EXERCISE GOAL: The records that follow must be repeated exactly, except for their pictures.

(DATA RECORDS begins)

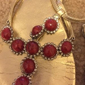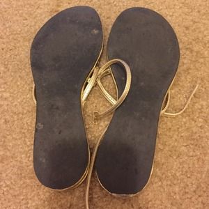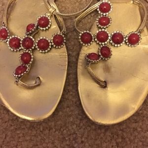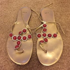 Preowned gold Apt. 9 flats size 6.5. Glamorous stones on top. These have definitely been worn a lot, which is why I am selling it so cheap. Worn edge of left heel (see photo). Measures 9.25" length
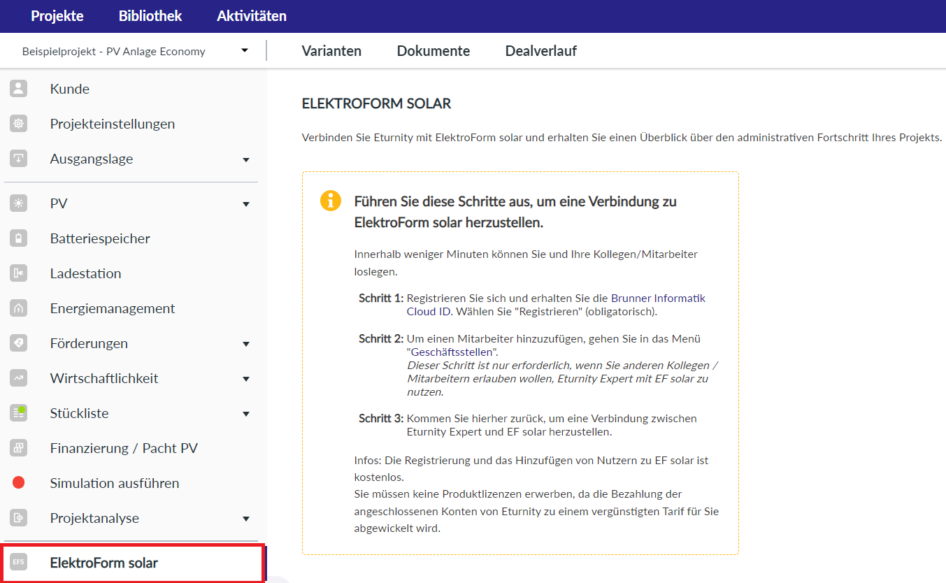 Die Registrierung und das Hinzufügen von Nutzern zu EF solar ist kostenlos. Sie müssen KEINE Produktlizenzen bei Brunner Informatik erwerben, da die Bezahlung der angeschlossenen Konten über Eturnity zu einem vergünstigten Tarif für Sie abgewickelt wird.
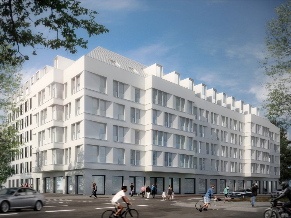 Die Mittelzone der Straßenfassaden nimmt Erker als ortstypische Gliederungselemente auf. Vor- und Rücksprünge entlang der Fenster interpretieren die klassische Lochfassade zeitgemäß. Die zum Innenhof gelegenen Fassaden verfügen ̶ anders als die Straßenfassaden ̶ über großzügige Öffnungen: So sind vor den Wohnungen Balkone und in den Dachgeschossen Terrassen angeordnet.
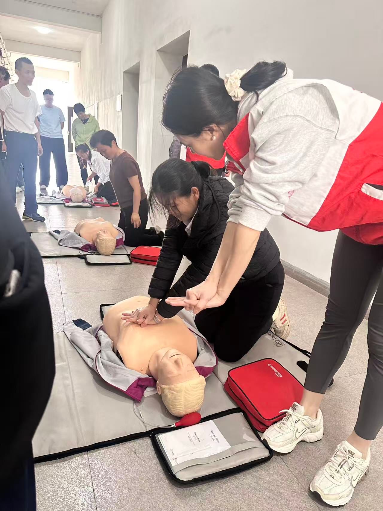 讲师首先强调急救知识对日常生活和突发事件应对的重要性,随后为大家详细讲解了心肺复苏(CPR)及自动体外除颤仪(AED)的使用方法,并进行了现场实操示范,还讲授了海姆立克急救法、创伤包扎等基础救护技能。
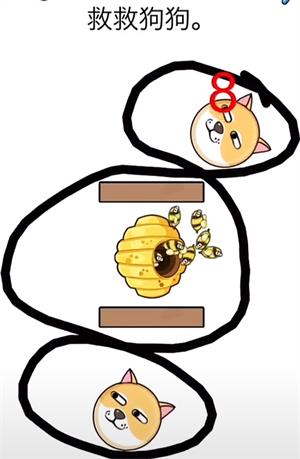 1.第一关画个口子围住狗狗,就可以过了。
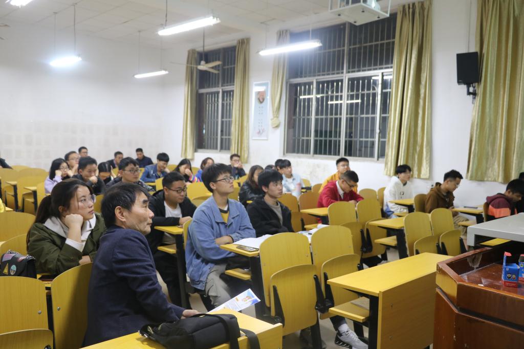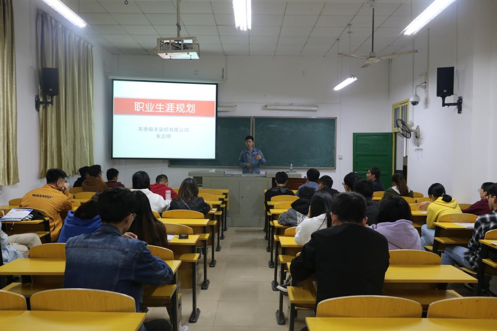 优秀校友英德极丰染织有限公司主管朱志明在红楼102举行了一场创新创业经验分享会,轻化工程专业老师及学生20余人参加。

(DATA RECORDS ends)

RESULT OF THE TASK:
 Preowned gold Apt. 9 flats size 6.5. Glamorous stones on top. These have definitely been worn a lot, which is why I am selling it so cheap. Worn edge of left heel (see photo). Measures 9.25" length
 Die Registrierung und das Hinzufügen von Nutzern zu EF solar ist kostenlos. Sie müssen KEINE Produktlizenzen bei Brunner Informatik erwerben, da die Bezahlung der angeschlossenen Konten über Eturnity zu einem vergünstigten Tarif für Sie abgewickelt wird.
 Die Mittelzone der Straßenfassaden nimmt Erker als ortstypische Gliederungselemente auf. Vor- und Rücksprünge entlang der Fenster interpretieren die klassische Lochfassade zeitgemäß. Die zum Innenhof gelegenen Fassaden verfügen ̶ anders als die Straßenfassaden ̶ über großzügige Öffnungen: So sind vor den Wohnungen Balkone und in den Dachgeschossen Terrassen angeordnet.
 讲师首先强调急救知识对日常生活和突发事件应对的重要性,随后为大家详细讲解了心肺复苏(CPR)及自动体外除颤仪(AED)的使用方法,并进行了现场实操示范,还讲授了海姆立克急救法、创伤包扎等基础救护技能。
 1.第一关画个口子围住狗狗,就可以过了。
 优秀校友英德极丰染织有限公司主管朱志明在红楼102举行了一场创新创业经验分享会,轻化工程专业老师及学生20余人参加。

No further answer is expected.